Thanks so much for the response elduece, Well done Sir
 

Growop101

Well-Known Member
Very nice to see. Subbed just to let everyone know.

im usualy on daily, if not every other day. i can answer alot of the questions people need answered :D
Hey i jus had a question about compost tea. I made a batch, it brewed for 2 weeks or a little over2 weeks. It smells good earthy, sweet and nice. |
I applyed it to some plants in a diluted 10:1 ratio. And its been a few days and i dont see any sort of flourishment, its not doing any worse or better. What do you look for to tell if your tea is working in your favor or hurting your plants??
BTW this is my first tea lol
 

Growop101

Well-Known Member
:D i was just going to post a couple myths... more when i have more time.
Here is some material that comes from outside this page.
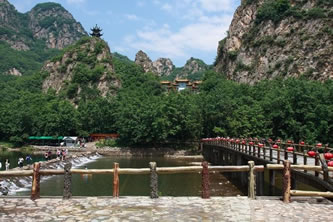 冰峪溝風(fēng)景區(qū)位于莊河市北部山區(qū)仙人洞鎮(zhèn)境內(nèi),距大連市內(nèi)有240公里。景區(qū)規(guī)劃面積約有110平方公里,景區(qū)面積約47平方公里。龍華、攔馬、莢蓉三山屏蔽,英納、小峪兩河盤繞。這里林木參天,山清水秀,宛如江南風(fēng)景,素有“遼南小桂林”之美稱。冰峪溝的風(fēng)景既不同于桂林山水,又不同于黃山云海,以其獨特的風(fēng)格和韻味呈現(xiàn) 在東北遼南的一隅。
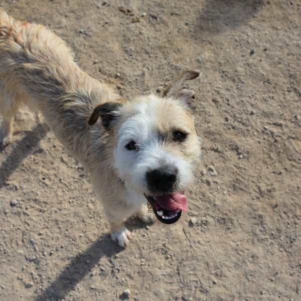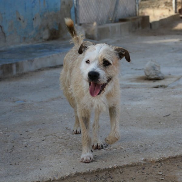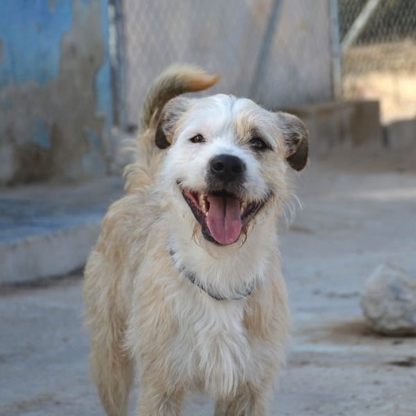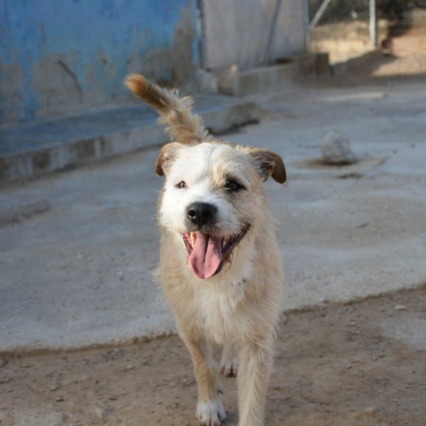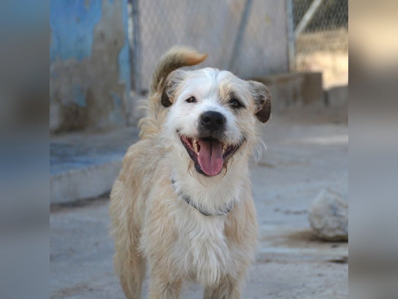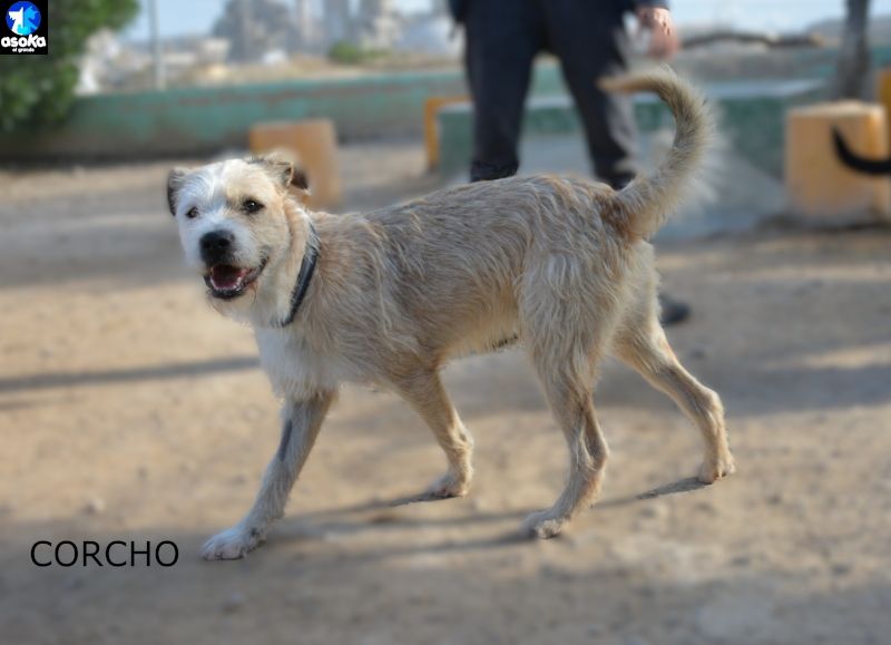 Corcho teilt seinen Zwinger mit zwei Hündinnen, er ist sehr aktiv, verspielt und lieb mit Menschen.

Myth - Bone/blood meal: Bone meal and Blood meal do NOTHING. it takes around one month for Bone meal to become active, and 2+ weeks for blood meal to become active... IF you are using the sludge from the bottom of the barrel as top feed then for all means, add bone/blood meal, if not then it is kind of a waste....

Myth - PH doesn't matter: PH DEFINITELY matters with organic's. Many organic product's are Pre-tested to ensure the PH levels are around 6.5, but when using Home made, or self collected fertalizers a person NEEDS to be aware of the PH or they will experiance major problems.

Myth - Soil doesn;t NEED to be cooked: WRONG. soil Needs to be cooked for multiple reasons. #1 nutrient activation. #2 PH ballancer activation (Lime and Gypsum) and #3 degradation of all organic matter... the more degraded it is, the better for the plants.
What exactly do you mean by cooking soil?
 

<Grasshopper>

Active Member
This means to let it sit and compost for 30 days to help the microbial life break down the food and make it availible to the plant.